Denying responsibility
However, when an official from Yuechi Power came to the hospital and realised just how serious Li’s condition was, the company refused to accept any responsibility and denied that Li had suffered from carbon monoxide poisoning at the Zhengzhou worksite. They also refused to tell his family the name and location of the worksite he had been employed at.
Despite her best efforts, Li Jinchun was unable to get any information from her father’s former co-workers: “Many of them were relatives or neighbours of the labour contractor. Even if they had wanted to tell me, they wouldn't have dared,” she said.
Li travelled to Zhengzhou and visited several hospitals hoping to find the medical records of her father’s hospitalization in the city – but all to no avail.
Li Shikuan currently suffers from severe memory loss and cannot remember the dates of his employment at Yuechi Power but Li Jinchun believes it was for at least for one year. However Li did not have his employment contract with him when he returned home and the power company later categorically denied that he had ever been employed there.
The company my father worked for was by the sound of it a big enterprise: the State Grid Corporation. When the accident occurred, my dad was wearing a State Grid Corporation work uniform. They won't admit it, so there's nothing anyone can do.

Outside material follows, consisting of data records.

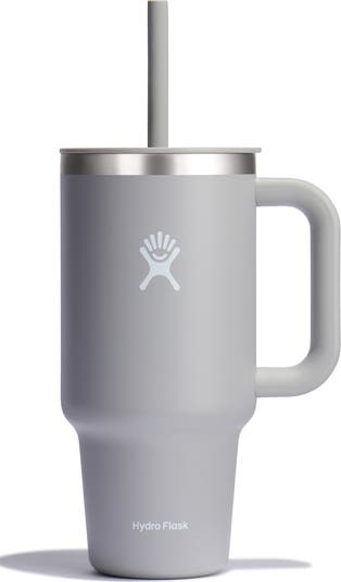 Stay hydrated on the go with this large, 32-ounce insulated travel tumbler that keeps drinks cold for up to 24 hours. The durable design features an ergonomic handle, a flexible straw and a splash-resistant Press-In Straw Lid for easy sipping. The sweat-free Color Last™ powder coating is colorful and comfortable to the touch.
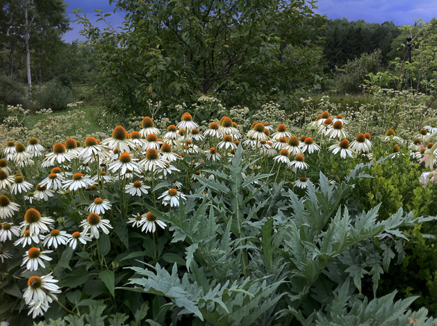 Now, in 2011, I think things have changed a bit. There are so many common plants that have been hybridized, like the purple Echinacea-coneflower that is now widely available in many white forms. The wild meadow plant Astrantia was taken out of the meadows of Europe and put into garden borders and is also widely available. When I think about my particular selection of white plants they are as common as mud!
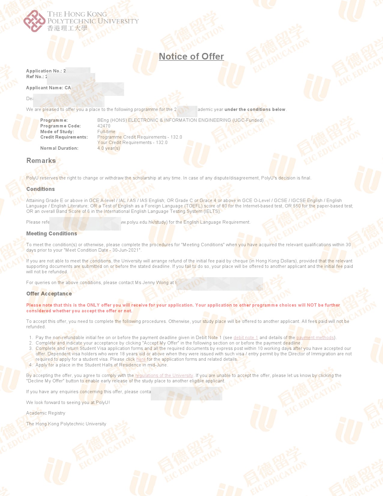 录取专业:BEng(Hons) in Electronic and Information Engineering

If we go to court, we are bound to lose. Why? Because we haven't even been able to find out the location where he was working.
Petitioning in Beijing
Eventually, Li Jinchun decided to petition the higher authorities:
The local government ignored me. I then went to the provincial government, but they still ignored me. I had to go all the way to Beijing to petition the authorities before anyone paid attention.
In Beijing, Li tried to submit some materials supporting her claim to the national petitions office but was intercepted by officials from the Beijing office of the Sichuan provincial government and was sent home. Eventually, Yuechi Power gave the Gaoping District Petitions Office in Nanchong 70,000 yuan, which was then transferred to Li’s family to cover “medical expenses for the treatment of tardive dyskinesia caused by carbon monoxide poisoning.”
Yuechi Power refused to cover any subsequent medical expenses so Li Jinchun went back to Beijing in search of a more equitable settlement but “so far the matter has not been taken care of.”
Li said she does not expect compensation to fall into her lap. “The way I see it, that's just not how the world works.” However, on Han’s advice, she does now plan contact a local legal assistance centre in order to further pursue the family’s case.
* Tardive is a specific term used to describe secondary dystonia or dyskinesias that are specifically attributed to exposure to specific drugs (“drug-induced”).